**What the exercise asks**. From the listing that follows, reproduce only the lines from the one holding "HORIMOTE HOME Lavender" through the one holding "此外,公司科研团队与湖南坤源", both included, with no pictures.

**Data to use**.
---

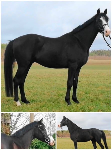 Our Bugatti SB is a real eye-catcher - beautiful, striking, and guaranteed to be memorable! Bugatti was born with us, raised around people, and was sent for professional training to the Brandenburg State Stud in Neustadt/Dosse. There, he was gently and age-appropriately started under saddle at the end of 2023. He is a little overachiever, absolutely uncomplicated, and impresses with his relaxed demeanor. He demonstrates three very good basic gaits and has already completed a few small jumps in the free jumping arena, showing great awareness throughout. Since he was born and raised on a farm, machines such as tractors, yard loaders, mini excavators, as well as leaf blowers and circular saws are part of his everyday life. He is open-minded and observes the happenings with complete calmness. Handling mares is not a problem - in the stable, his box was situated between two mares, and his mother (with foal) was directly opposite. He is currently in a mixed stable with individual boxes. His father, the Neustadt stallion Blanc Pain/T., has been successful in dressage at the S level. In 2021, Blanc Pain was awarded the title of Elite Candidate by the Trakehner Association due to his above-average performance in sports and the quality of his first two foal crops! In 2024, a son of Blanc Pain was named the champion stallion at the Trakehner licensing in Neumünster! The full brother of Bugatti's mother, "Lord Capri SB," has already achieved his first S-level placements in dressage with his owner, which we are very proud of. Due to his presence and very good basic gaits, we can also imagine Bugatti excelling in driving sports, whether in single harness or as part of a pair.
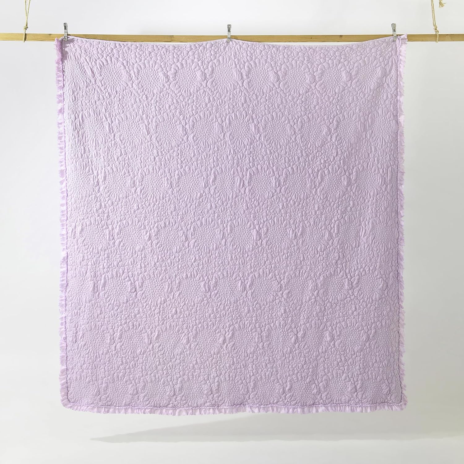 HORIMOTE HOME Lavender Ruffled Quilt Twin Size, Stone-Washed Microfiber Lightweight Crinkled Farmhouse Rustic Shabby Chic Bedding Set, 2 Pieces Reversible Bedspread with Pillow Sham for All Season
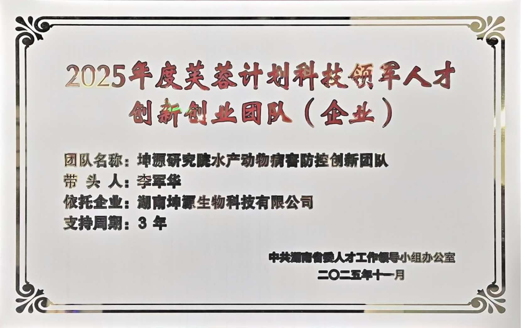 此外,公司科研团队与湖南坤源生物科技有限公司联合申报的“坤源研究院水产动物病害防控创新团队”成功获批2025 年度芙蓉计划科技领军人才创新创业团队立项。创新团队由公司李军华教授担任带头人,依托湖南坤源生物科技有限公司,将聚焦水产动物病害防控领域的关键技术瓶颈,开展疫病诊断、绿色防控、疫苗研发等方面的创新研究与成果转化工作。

---

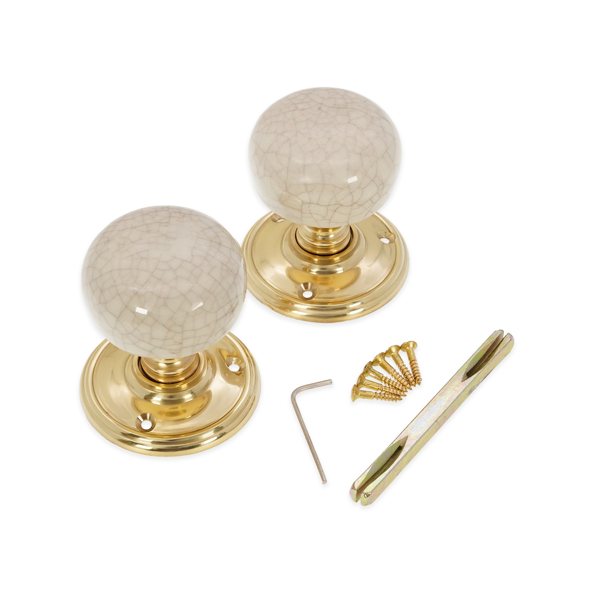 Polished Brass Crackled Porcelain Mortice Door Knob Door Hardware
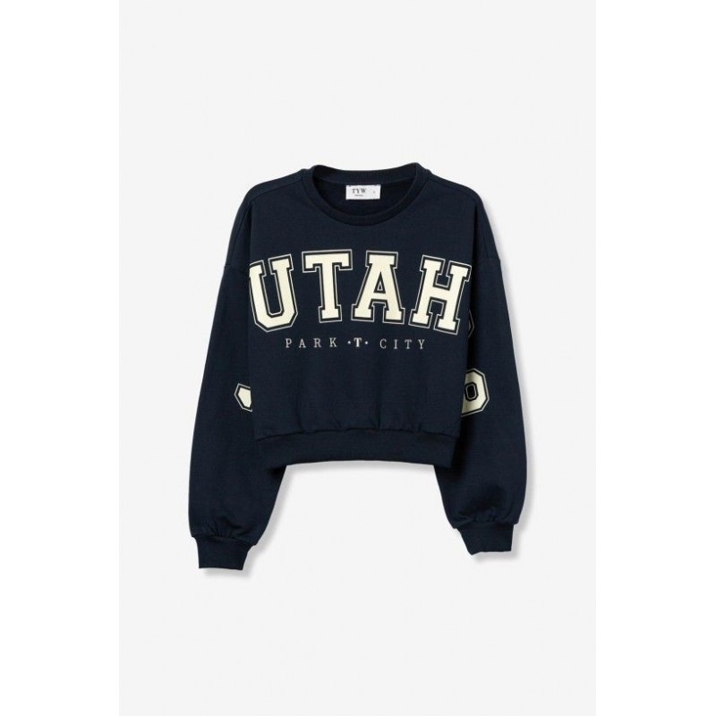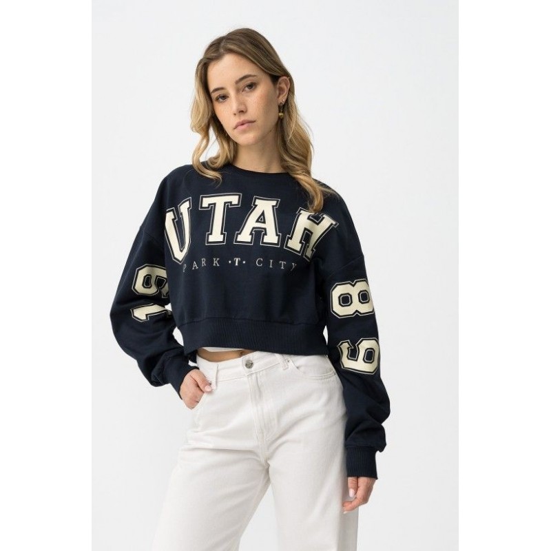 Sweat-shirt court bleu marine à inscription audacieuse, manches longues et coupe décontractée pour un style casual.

---

**Your response**.
 HORIMOTE HOME Lavender Ruffled Quilt Twin Size, Stone-Washed Microfiber Lightweight Crinkled Farmhouse Rustic Shabby Chic Bedding Set, 2 Pieces Reversible Bedspread with Pillow Sham for All Season
 此外,公司科研团队与湖南坤源生物科技有限公司联合申报的“坤源研究院水产动物病害防控创新团队”成功获批2025 年度芙蓉计划科技领军人才创新创业团队立项。创新团队由公司李军华教授担任带头人,依托湖南坤源生物科技有限公司,将聚焦水产动物病害防控领域的关键技术瓶颈,开展疫病诊断、绿色防控、疫苗研发等方面的创新研究与成果转化工作。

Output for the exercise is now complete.